This I knew would be more difficult. At least when I was wearing the plug at work, I could choose not to interact with others. But now, Daddy was requesting that I wear it while having dinner with some close girlfriends, and some of their friends I didn't even know. Before I entered the restaurant, I put the plug in and texted him that I had arrived. He instructed me to request permission to remove it in 20 minutes.
I went into the restaurant and found all four other girls seated and I joined them. There were the initial hugs for my two friends, one of whom was visiting from out of town, and the introduction to the two new girls I hadn't met before. I quickly sat down, feeling the plug slipping from my asshole. Daddy had requested that I also squirm into it three times, so I did.
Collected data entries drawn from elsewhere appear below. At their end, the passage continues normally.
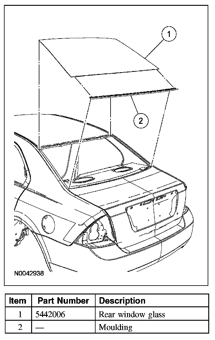 NOTE: If the rear window glass is being removed to repair a dust/water leak, remove and reinstall the existing rear window glass.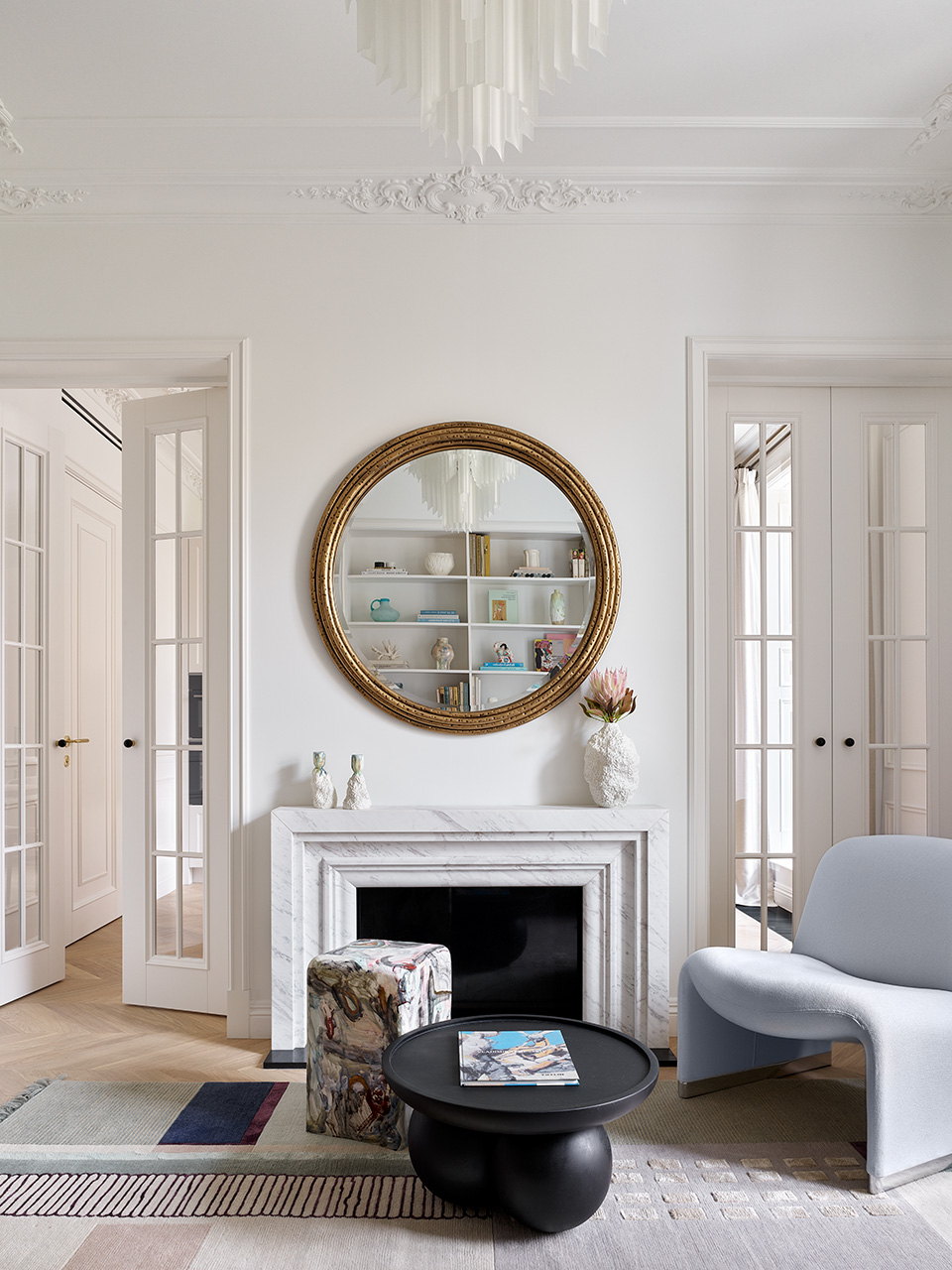 Благородные детали и материалы также отсылают к французскому стилю: паркет “елка”, мраморные пол и камин, гипсовая классическая лепнина.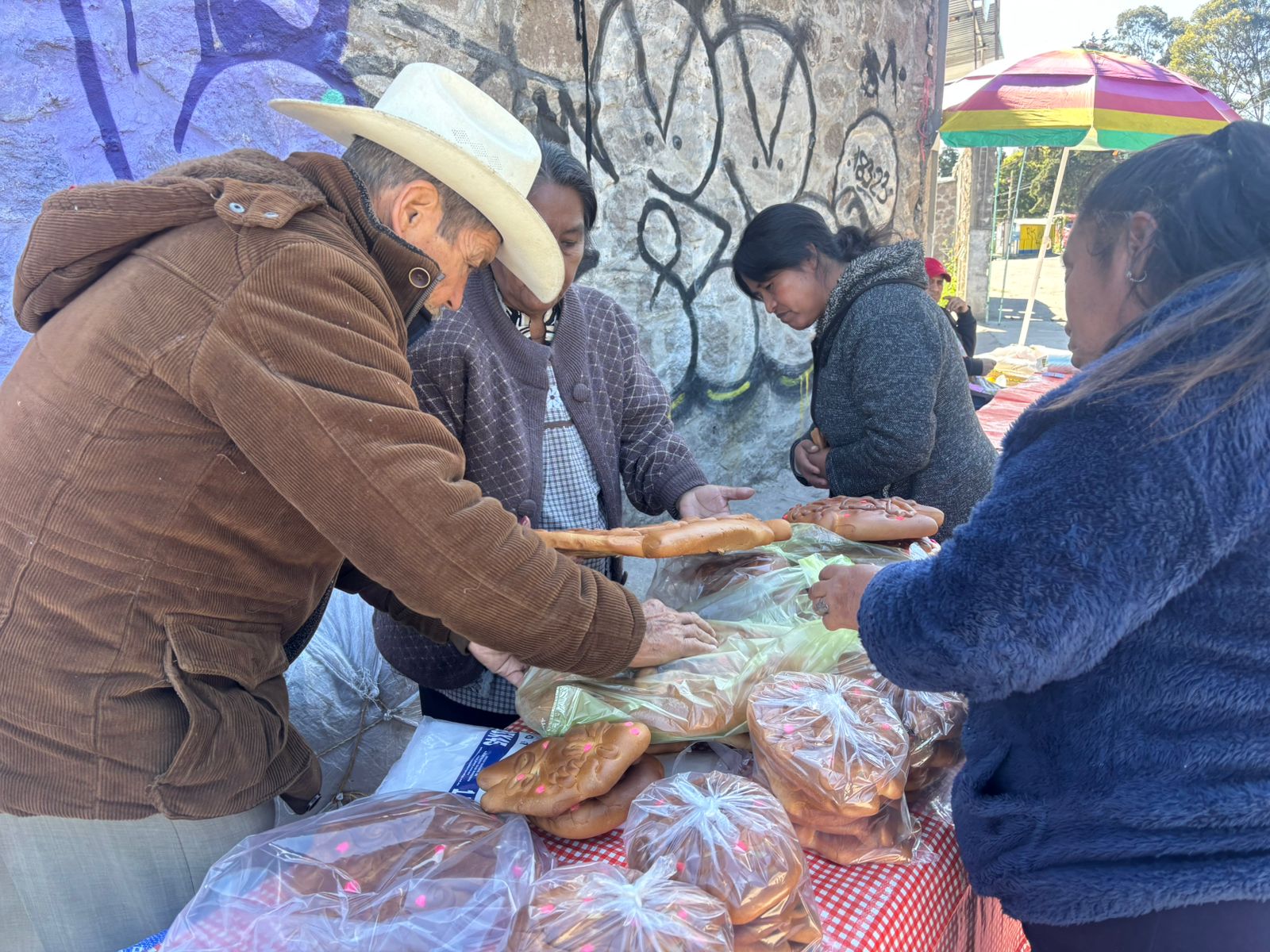 Panaderos del poblado de Tecomatlán han salido a las calles de Toluca para comercializar su tradicional pan de Día de Muertos, una creación que solo es elaborada una vez al año.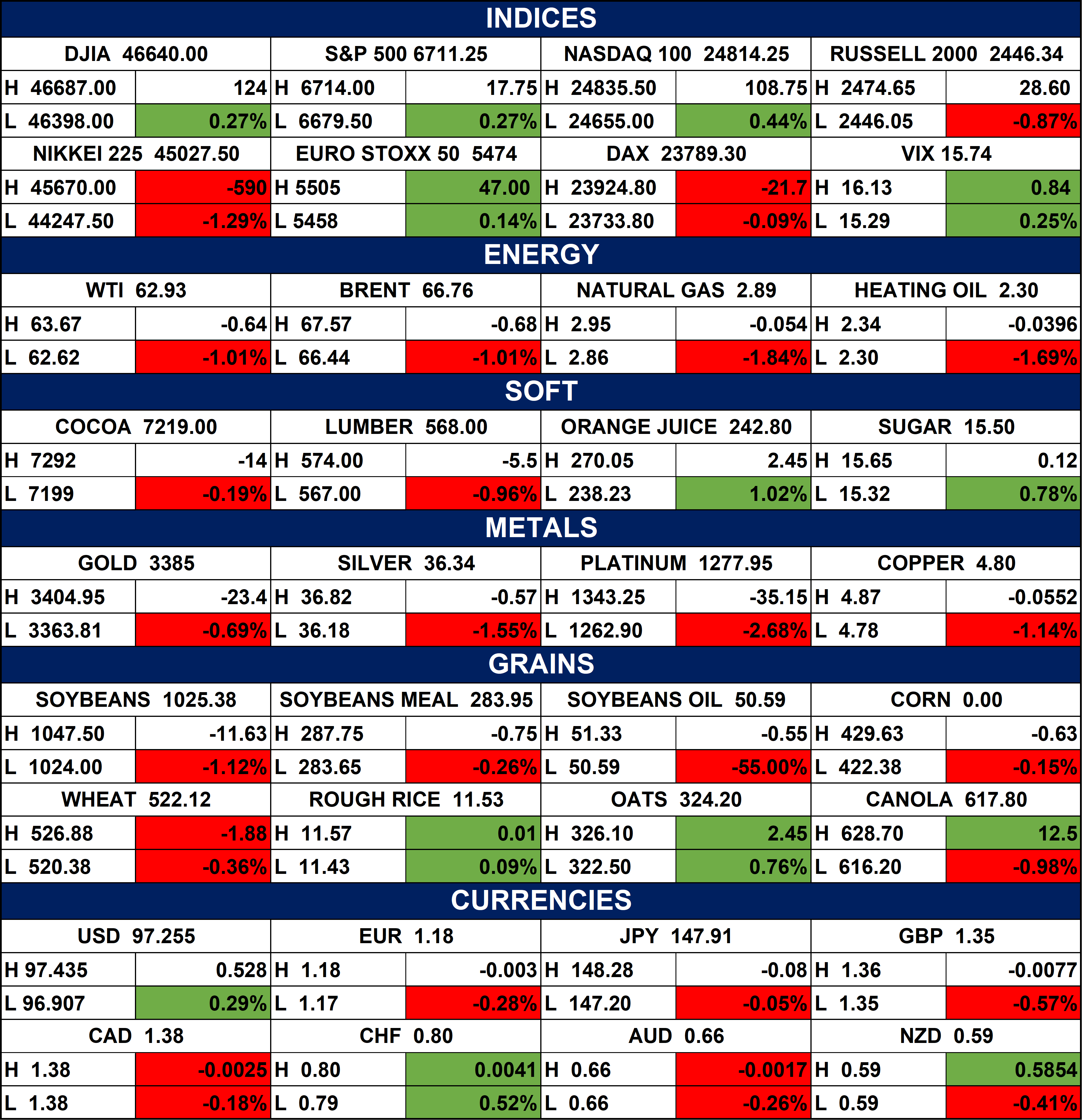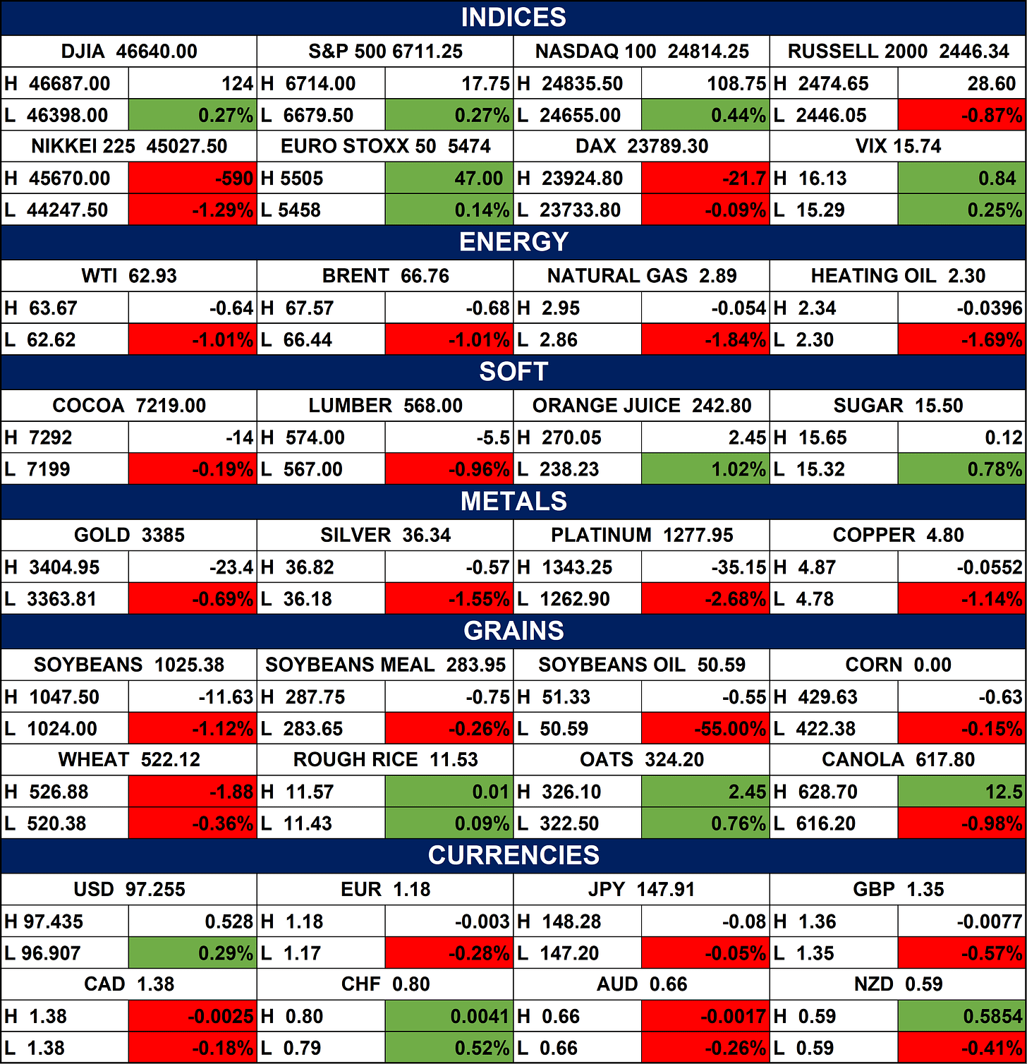 The table below Depicts the Global equities were mixed: U.S. indices gained modestly while Japan’s Nikkei fell sharply. Energy markets slid, with WTI, Brent, and Natural Gas all down, while Orange Juice and Sugar posted gains among soft commodities.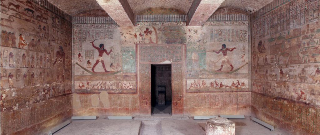 اللي بيميز مقابر بني حسن فعلًا هو الجداريات. تخيل جدارية ارتفاعها يوصل لـ5 أمتار وطولها 16 متر، مليانة تفاصيل دقيقة عن الحياة اليومية. هتشوف مشاهد صيد في الصحراء، وصيد طيور وأسماك في النيل، ورعاة بيقودوا قطعانهم، وفلاحين بيزرعوا ويحصدوا، وصناع بيشتغلوا في الخشب والفخار والمعادن.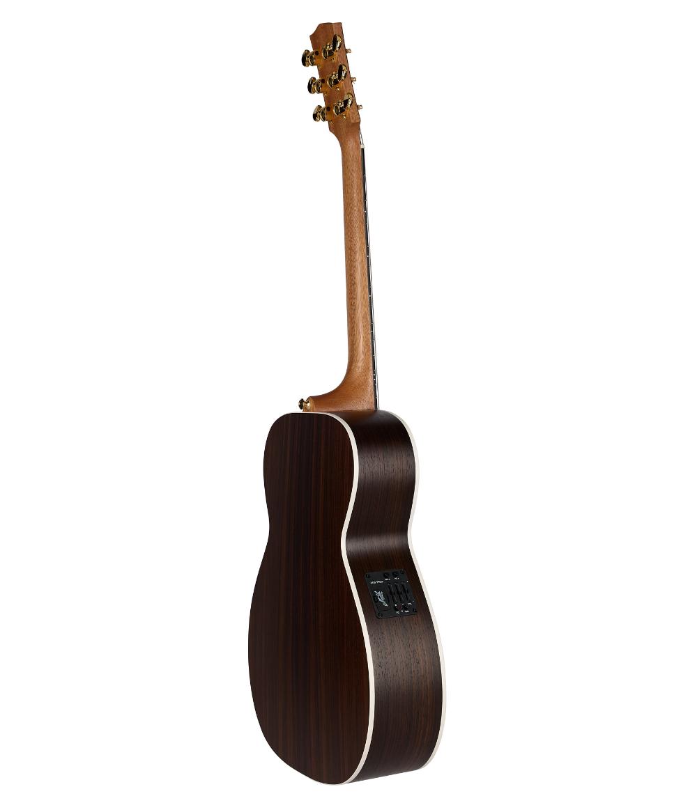 Die massive Fichtendecke sorgt für eine brillante Ansprache und definierten Höhen, während Boden und Zargen aus massivem Palisander dem Klang eine satte Tiefe und warme Mitten verleihen. Der massive Mahagoni-Hals bietet eine optimale Schwingungsübertragung und sorgt für angenehme Bespielbarkeit.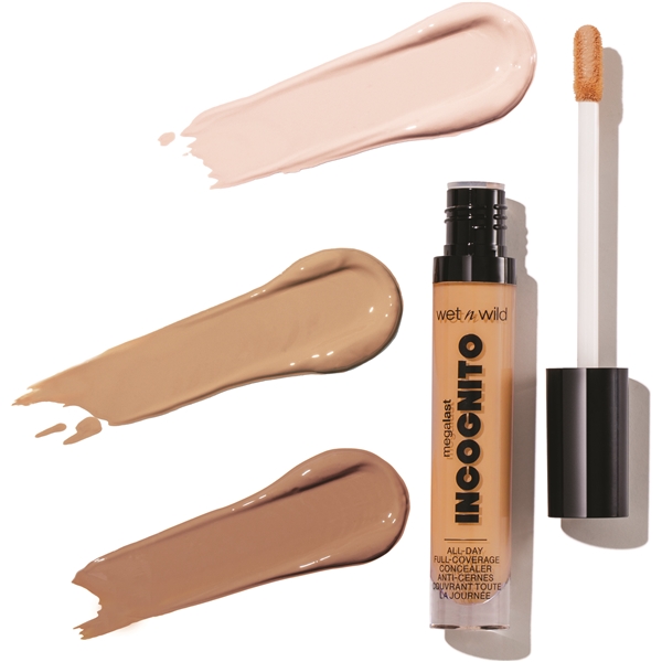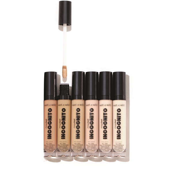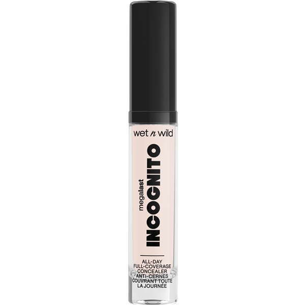 MegaLast Incognito Full Coverage Concealer fra wet n wild er beriket med nærende og fuktighetsgivende ingredienser som sheasmør, lakrisrotekstrakt og mangofrøsmør. Den er langvarig og byggbar med middels til full dekning og gir en matt finish.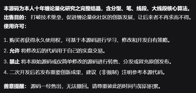 除了量化策略不公开,缠论基础画线指标的价格你说个数字……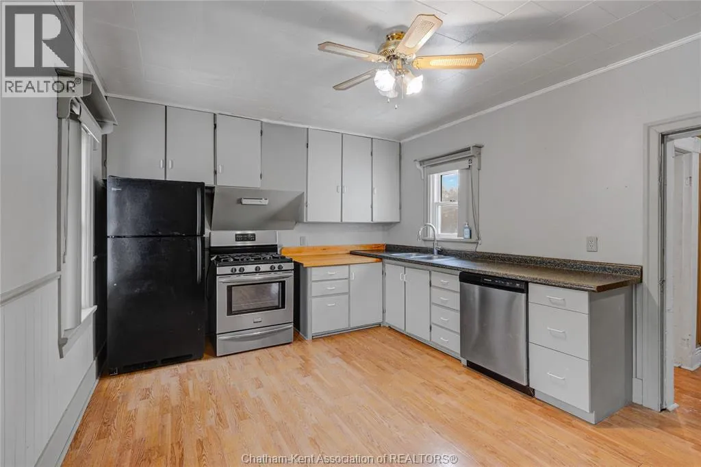 Comfortable and affordable single-family home ideally located in Dealtown, just minutes from Lake Erie and a short drive to Chatham. This property presents a great opportunity for first-time buyers, investors, or those looking to downsize. The main level offers a functional layout featuring a spacious eat-in kitchen, a comfortable living room, a bedroom or home office, and a full bathroom. Upstairs, youâll find three additional bedrooms, providing flexibility for a variety of living arrangements. With a practical floor plan and outdoor space that includes a partially fenced yard, this home offers solid long-term value in a desirable lakeside community. Conveniently located near the Lake Erie waterfront and within easy reach of Chatham, the property may also be purchased on its own or together with the neighbouring mixed-use property (MLS® #26001411). (id:27476)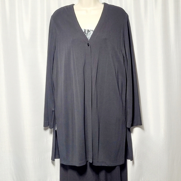 VTG JoSEPHINE CHAUS Black V-neck Long Sleeve Silky Cardigan (XL)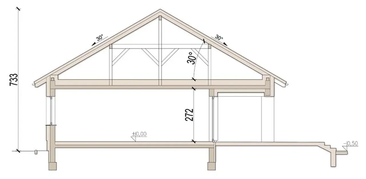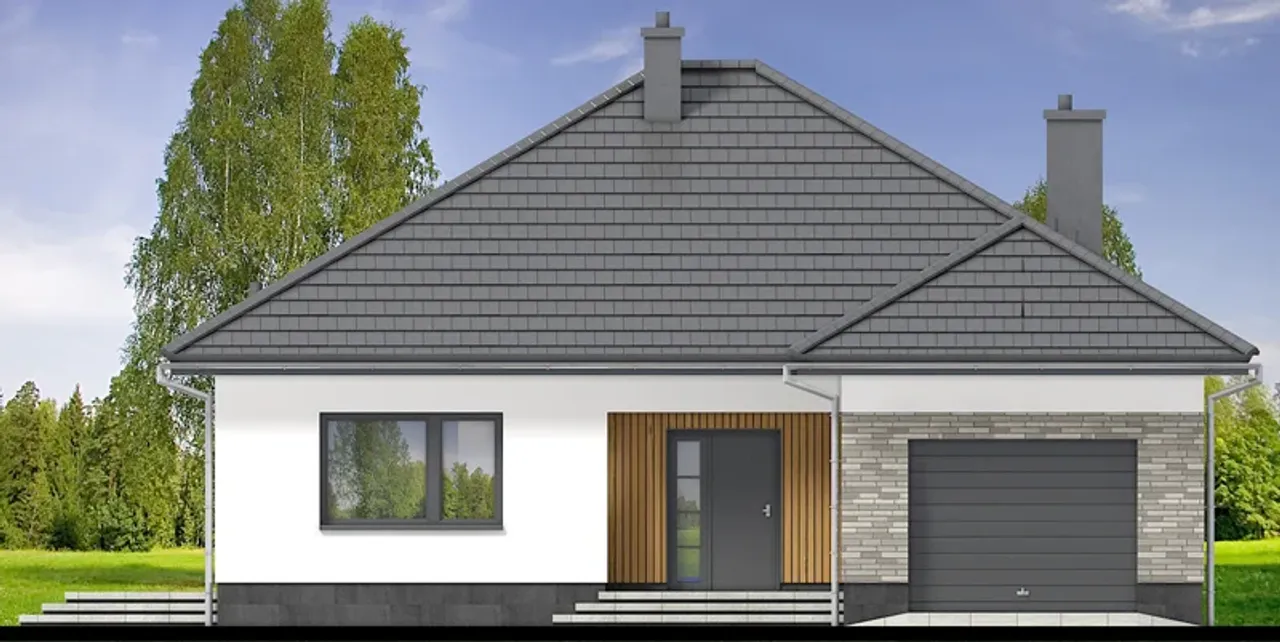 Nowoczesny dach wielospadowy z kątem nachylenia 30° gwarantuje świetną ochronę przed warunkami atmosferycznymi i tworzy elegancką sylwetkę domu. Drewniana konstrukcja dachu podkreśla tradycyjny charakter, a możliwość wyboru pokrycia - dachówka betonowa lub ceramiczna - daje swobodę aranżacji elewacji. W projekcie zaplanowano garaż jednostanowiskowy, co istotnie zwiększa funkcjonalność, szczególnie dla rodzin prowadzących aktywny tryb życia.

For some reason, the plug was much harder to take this time. Was it because I had to interact with people? Was it because I was more out in the open in public? Was it because I had been practicing too much? I couldn't determine, but it was very difficult to concentrate on what most people saying and I couldn't take my mind off of the growing discomfort of the plug digging deep into me. Every laugh or giggle made it that much harder to keep in. All of a sudden, another woman joined us who I hadn't met, and I had to get up to let her into the the place where the extra chair was. I was very nervous about the plug slipping out completely. I clenched my buttocks tightly so as not to have what would surely be a quite embarrassing moment.
Luckily, when I texted Daddy at the end of the 20 minutes, he allowed me to go and remove the plug. I excused myself from the table and retreated to the ladies room to removed it. I quickly rinsed it off and wrapped it in paper towels before placing it back in the plastic bag in my purse and returned to join the girl talk. Daddy texted again asking if any of them suspected that I was so slutty and obedient. I assured him that although I have been friends with two of the women for more than 20 years, no one suspected what was deep inside me that he was so good at bringing out of me.